The plan is to force the first load to be at a mod 16 bound by ANDing the real start by -16. This will never overrun a VirtualAlloc Buffer because the start is always on a mod page size bound, and the length is always a mod page size length. Page size is 4KB with XP (maybe larger on 64 bit systems) so as long as you start at a mod 16 bound within the buffer, you will never overrun the buffer. This gets you more data than you wanted (the BYTES or WORDS preceeding the string) so you can calculate the number of bytes to skip and the bit mask to use on the extracted bits from pmovmskb. Using a bsf on the extracted and masked bits in the register will then give you a correct value or the first instance of the desired character. My test was a simple check for nulls in a buffer full of nulls.

Lingo and JJ Note:

Your code did an unaligned load, then masked to the next aligned bound then continued with aligned loads (the first check was 8 or 16 BYTES, but the second possibly overlaped some of the first, thereafter checking 8 or 16 bytes each time). My check always does aligned loads but ignores leading garbage bytes the first time. Aligned loads will not overrun a VirtualAlloc Buffer if you are checking for nulls

All:

The same problem can occur if you use mov eax,[esi] to scan a string, checking for nulls as you go. Instead, force the esi to the prior mod 4 bound, load the DWORD containing the desired starting character, and use the difference of actual start vs aligned start to position eax left 8 bits per skip character, and then rol eax,8 for each remaining character to be checked in al looking for a null. From then on, just adjust esi by 4 bytes and you will not overrun the buffer. You have to find some way to not overrun a VirtualAlloc buffer on a first check.

For scanning a Unicode strings, you are dealing with 2 WORDS and not 4 BYTES, so make adjustments and just deal with it.

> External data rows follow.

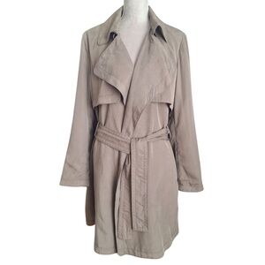Banana Republic Soft Trench Coat L Taupe Belted Lightweight Jacket Tencel
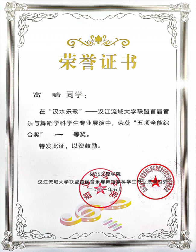 我院学生获得汉江流域大学联盟音乐与舞蹈学科学生专业展演五项全能一等奖等14项奖项
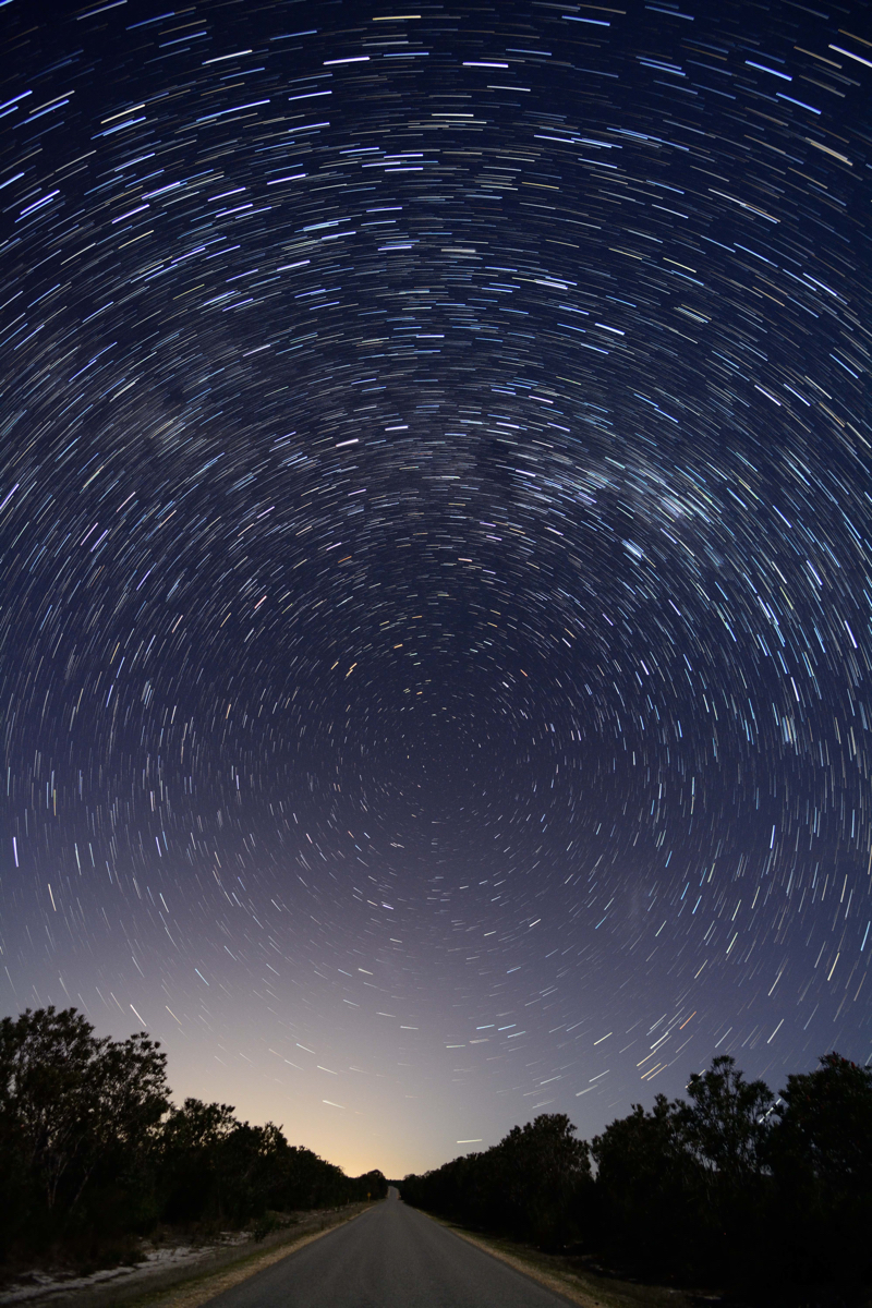 Good timing on the light trails! The dead palm frond, though, is distracting and keeps drawing my eye. Secateurs?
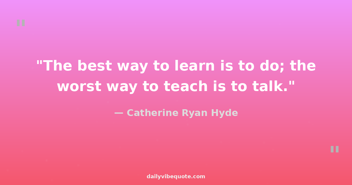 "The best way to learn is to do; the worst way to teach is to talk."
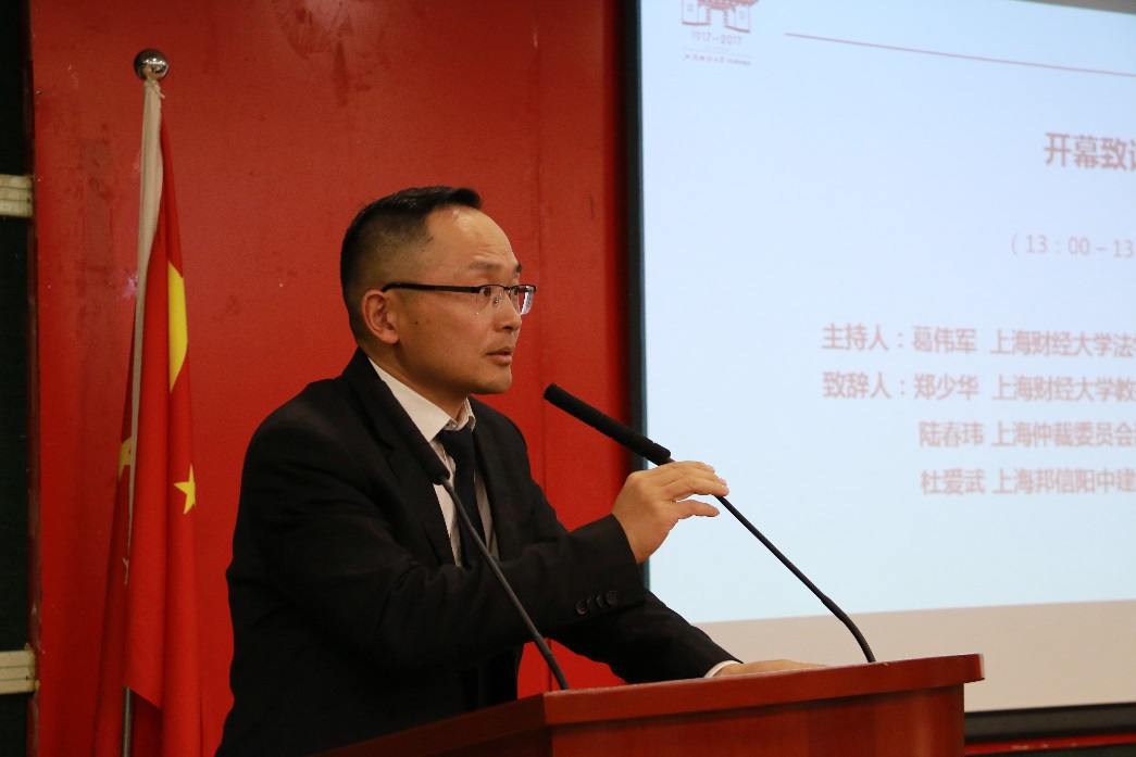上海财经大学校长助理郑少华教授、上海仲裁委员会副秘书长陆春玮、上海邦信阳中建中汇律师事务所管理合伙人杜爱武律师进行了开幕致辞。
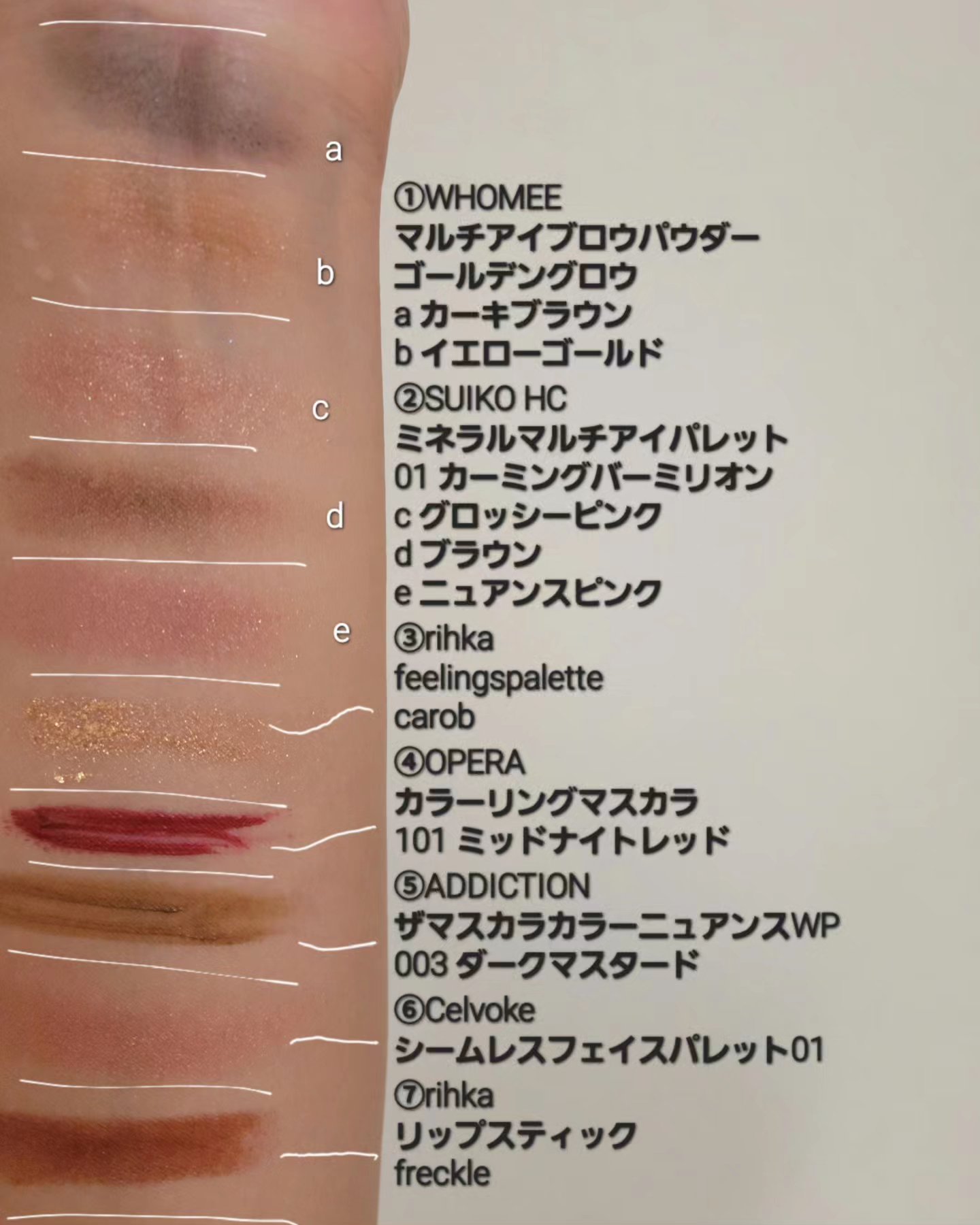 こんにちは🌞やっと、夏休みが終わりました~!!届いたばかりのrihkaのブラウンリップで少し夏の終わりから秋っぽさも感じるようなメイクを💄とはいえ、9月もまだまだ残暑が厳しいみたいですね💦早く涼しくなってほしいですね🍂■makeupアイブロウは①#WHOMEE#マルチアイブロウパウダーゴールデングロウのaカーキブラウンを眉尻中心に。bイエローゴールドを眉頭から全体に。アイメイクは②#SUIKOHC#ミネラルマルチアイパレット01#カーミングバーミリオンcグロッシーピンクを上瞼全体に。dブラウンを二重幅に。eニュアンスピンクを下瞼の涙袋に。③#rihka#feelingspalettecarobを上瞼の目尻側にラフに乗せて✨④#OPERA#カラーリングマスカラ101ミッドナイトレッドを上睫毛だけに。⑤#ADDICTION#ザマスカラカラーニュアンスWP003ダークマスタードを下睫毛に付ける。チークは⑥#Celvoke#シームレスフェイスパレット01の血色カラーを頬に。リップは⑦rihkaリップスティックfreckleをしっかりと💋✨上瞼の目尻のゴールドグリッターと涙袋のピンク、赤色の睫毛とブラウンリップ、と色々欲張ってますが(^皿^ゞまとまりのあるメイクになりました🤗rihkaのブラウンリップが新鮮で可愛くて使う度にワクワクしてます🤎#ファッション好きな人と繋がりたい#メイク好きさんと繋がりたい#メイク好きな人と繋がりたい#コスメ好きさんと繋がりたい#コスメ好きな人と繋がりたい#ちひろのメイク#メイク#メイク好き#コスメ好き#rihka_lip#リーカ#rihka_eye#ブラウンリップ
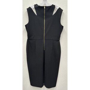 Calvin Klein Classic Sheath Dress Womens 16 Black Sleeveless Knee Length Career
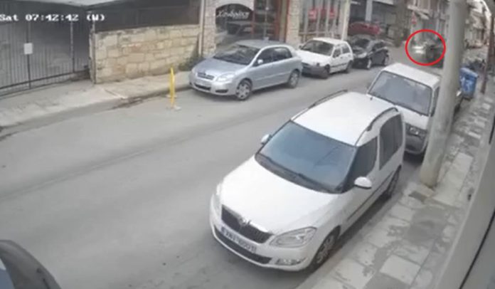 Στο βίντεο φαίνεται το μηχανάκι να διασχίζει την Γρηγορίου Ε’ και να συγκρούεται σε κλάσματα δευτερολέπτων με το διερχόμενο αυτοκίνητο από στην Μυλωνογιάννη.

This test case is a good place to test out your favorite code fragment to insure that the first load of your routine will not overrun the buffer.

Dave.

drizz

#1
Good thinking! I tried to explain this in this thread:
http://www.masm32.com/board/index.php?topic=10925.0
If people don't want to consider this when writing algos there is nothing we can do.

The truth cannot be learned ... it can only be recognized.

hutch--

Unicode strings are no different to ansi strings apart from being 2 byte instead of one byte. Scan its length for a word size 0 as terminator. The alternative is OLE string where the length is stored b 4 bytes below the start address.
Download site for MASM32      New MASM Forum
https://masm32.com          https://masm32.com/board/index.php

KeepingRealBusy

Quote from: drizz on July 07, 2010, 01:42:51 AM
Good thinking! I tried to explain this in this thread:
http://www.masm32.com/board/index.php?topic=10925.0
If people don't want to consider this when writing algos there is nothing we can do.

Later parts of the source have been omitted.